Your answer must be an exact copy of the lines below, from the first through the one with "The Dylan Sandal - Sand Crinkle Gloss Nappa", with no pictures.

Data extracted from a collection
*****
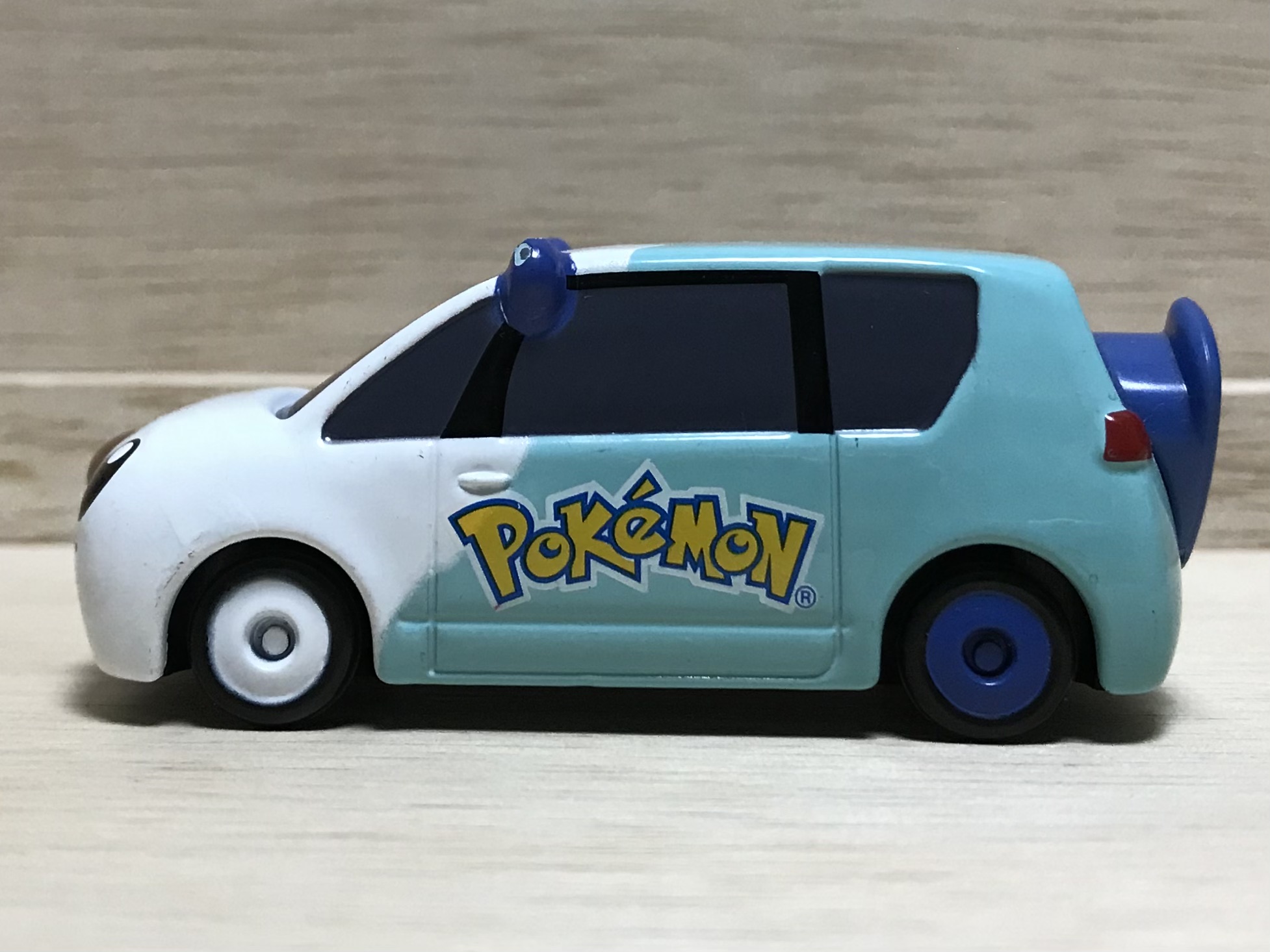 実車のベースはトヨタ自動車の初代ポルテ。トヨペット店特注やテレビ東京系で放送されていた「ポケモンスマッシュ」の番組コラボ企画のトミカとしても登場しており、ポケットモンスターの中の1つの作品のキャラクターにしては、多くのバリエーションがあります。ドリームトミカシリーズでは、ポケモンの代表キャラであるピカチュウのピカチュウカーより短命ではあったものの、前述の通りバリエーションは豊富。ドリームトミカでの登場は他のバリエーションよりも一番遅く発売となっており、ノーマル仕様が一番最後という珍現象が起きています。
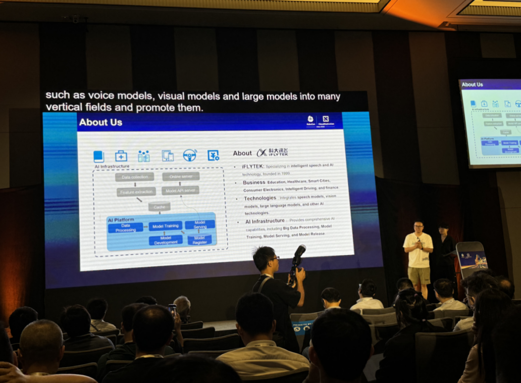 华为云软件工程师 Xuzheng Chang 和科大讯飞平台架构师 Dong Jiang 发表《利用 Volcano 进行扩展模型训练:科大讯飞的 Kubernetes 突破》主题演讲。据介绍,科大讯飞在大规模模型训练中,通过利用 Volcano,将 GPU 利用率提升了 40% 以上,并将故障恢复时间缩短了 70%。
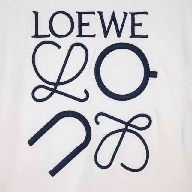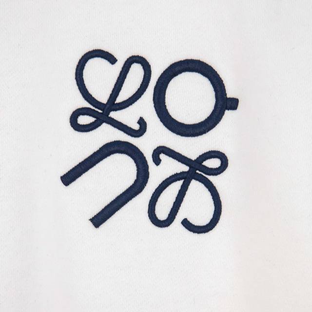 Loewe crewneck sweatshirt with large front and back logo embroidery.
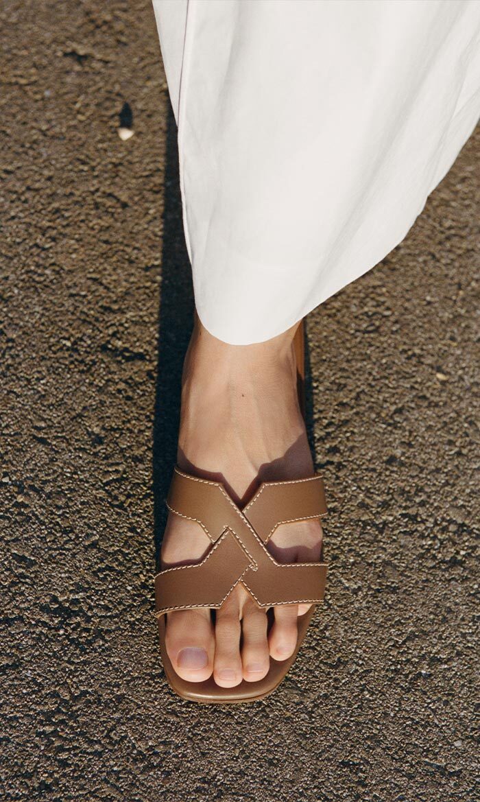 The Dylan Sandal - Sand Crinkle Gloss Nappa
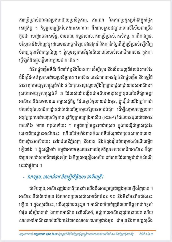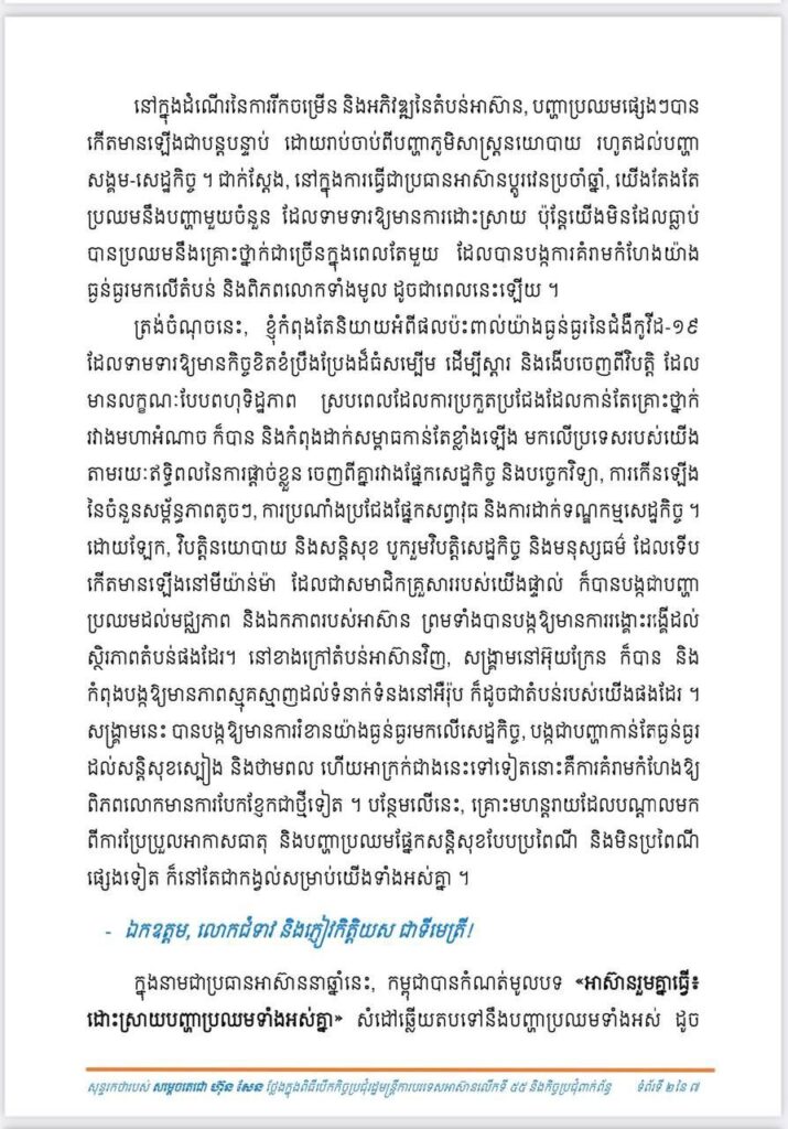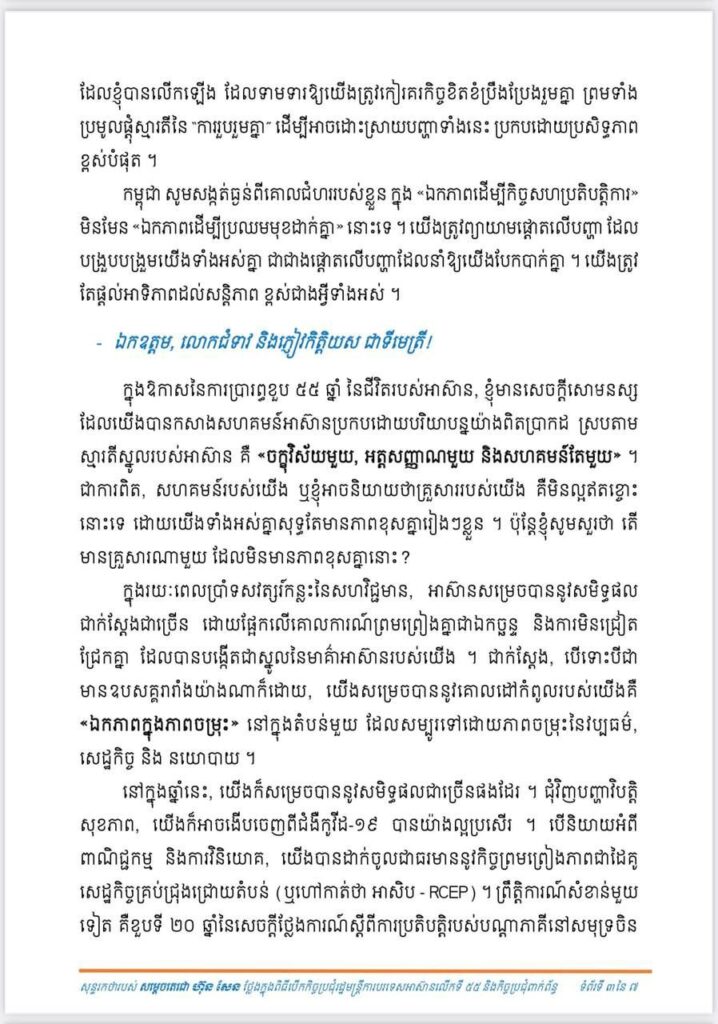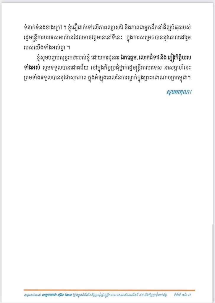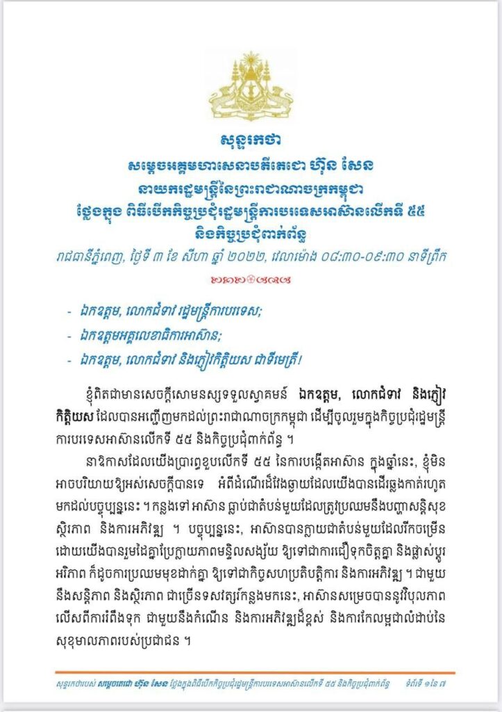 សន្ទរកថា សម្តេចអគ្គមហាសេនាបតីតេជោ ហ៊ុន សែន នាយករដ្ឋមន្ត្រី នៃព្រះរាជាណាចក្រកម្ពុជា និងជាប្រធានអាស៊ាន ឆ្នាំ២០២២ ថ្លែងក្នុងពិធីបើកកិច្ចប្រជុំរដ្ឋមន្ត្រីការបរទេសអាស៊ាន លើកទី៥៥ និងកិច្ចប្រជុំពាក់ព័ន្ធ ដែលប្រារព្ធធ្វើឡើងនៅសណ្ឋាគារសុខាភ្នំពេញ នៅព្រឹក្ងៃទី០៣ ខែសីហា ឆ្នាំ២០២២
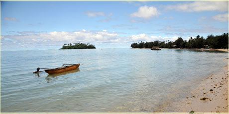 On Muri lagoon a canoe and Captain Tamas boat with motu Taakoka in the distance. Meitaki for the photos.
*****
» Response area
 実車のベースはトヨタ自動車の初代ポルテ。トヨペット店特注やテレビ東京系で放送されていた「ポケモンスマッシュ」の番組コラボ企画のトミカとしても登場しており、ポケットモンスターの中の1つの作品のキャラクターにしては、多くのバリエーションがあります。ドリームトミカシリーズでは、ポケモンの代表キャラであるピカチュウのピカチュウカーより短命ではあったものの、前述の通りバリエーションは豊富。ドリームトミカでの登場は他のバリエーションよりも一番遅く発売となっており、ノーマル仕様が一番最後という珍現象が起きています。
 华为云软件工程师 Xuzheng Chang 和科大讯飞平台架构师 Dong Jiang 发表《利用 Volcano 进行扩展模型训练:科大讯飞的 Kubernetes 突破》主题演讲。据介绍,科大讯飞在大规模模型训练中,通过利用 Volcano,将 GPU 利用率提升了 40% 以上,并将故障恢复时间缩短了 70%。
 Loewe crewneck sweatshirt with large front and back logo embroidery.
 The Dylan Sandal - Sand Crinkle Gloss Nappa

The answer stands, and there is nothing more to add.